▶ **WHAT YOU WILL DO**
Skip the pictures. Return exactly the lines from the one containing "Wbudowana funkcja automatycznego" through the end of the entries below.

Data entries
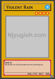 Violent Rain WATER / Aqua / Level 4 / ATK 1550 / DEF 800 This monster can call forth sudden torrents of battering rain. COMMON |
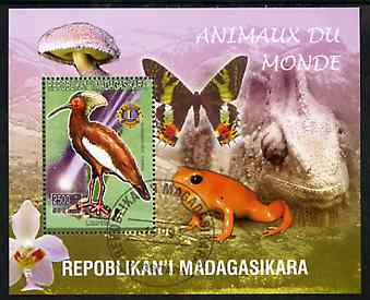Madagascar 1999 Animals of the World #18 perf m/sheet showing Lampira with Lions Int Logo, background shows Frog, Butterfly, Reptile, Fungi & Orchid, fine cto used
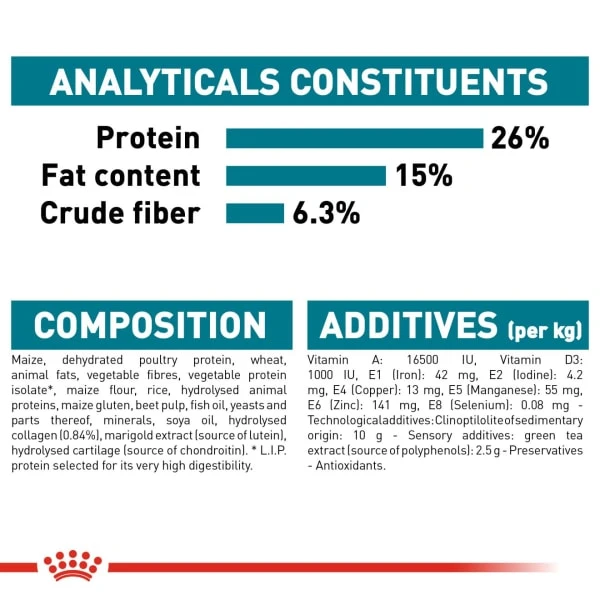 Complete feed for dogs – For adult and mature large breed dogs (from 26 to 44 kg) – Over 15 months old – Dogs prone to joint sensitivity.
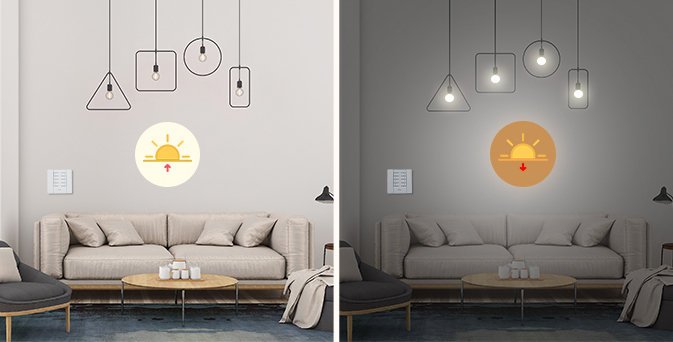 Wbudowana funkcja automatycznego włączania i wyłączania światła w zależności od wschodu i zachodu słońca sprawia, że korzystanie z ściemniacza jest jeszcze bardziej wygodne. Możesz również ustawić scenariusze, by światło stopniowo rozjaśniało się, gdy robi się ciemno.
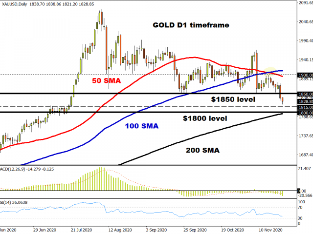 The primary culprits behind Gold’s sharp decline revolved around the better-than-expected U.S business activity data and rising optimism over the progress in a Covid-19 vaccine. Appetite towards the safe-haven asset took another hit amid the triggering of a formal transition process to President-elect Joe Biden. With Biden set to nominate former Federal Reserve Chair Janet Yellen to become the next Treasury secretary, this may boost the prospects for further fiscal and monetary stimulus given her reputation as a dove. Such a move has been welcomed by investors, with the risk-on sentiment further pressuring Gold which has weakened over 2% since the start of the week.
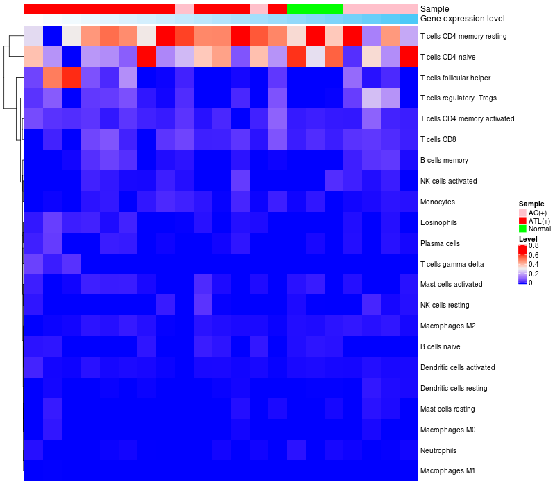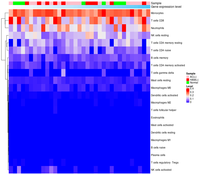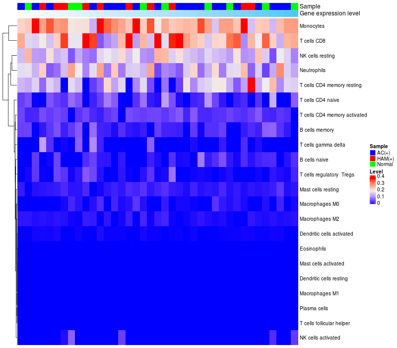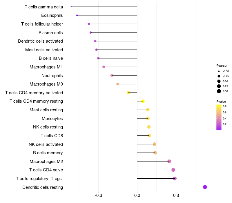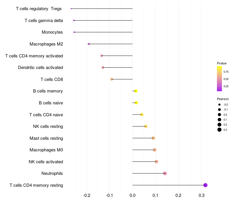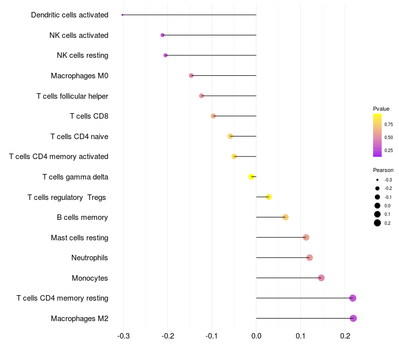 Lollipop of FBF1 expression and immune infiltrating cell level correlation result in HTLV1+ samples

▶ **ANSWER TO THIS TASK**
 Wbudowana funkcja automatycznego włączania i wyłączania światła w zależności od wschodu i zachodu słońca sprawia, że korzystanie z ściemniacza jest jeszcze bardziej wygodne. Możesz również ustawić scenariusze, by światło stopniowo rozjaśniało się, gdy robi się ciemno.
 The primary culprits behind Gold’s sharp decline revolved around the better-than-expected U.S business activity data and rising optimism over the progress in a Covid-19 vaccine. Appetite towards the safe-haven asset took another hit amid the triggering of a formal transition process to President-elect Joe Biden. With Biden set to nominate former Federal Reserve Chair Janet Yellen to become the next Treasury secretary, this may boost the prospects for further fiscal and monetary stimulus given her reputation as a dove. Such a move has been welcomed by investors, with the risk-on sentiment further pressuring Gold which has weakened over 2% since the start of the week.
 Lollipop of FBF1 expression and immune infiltrating cell level correlation result in HTLV1+ samples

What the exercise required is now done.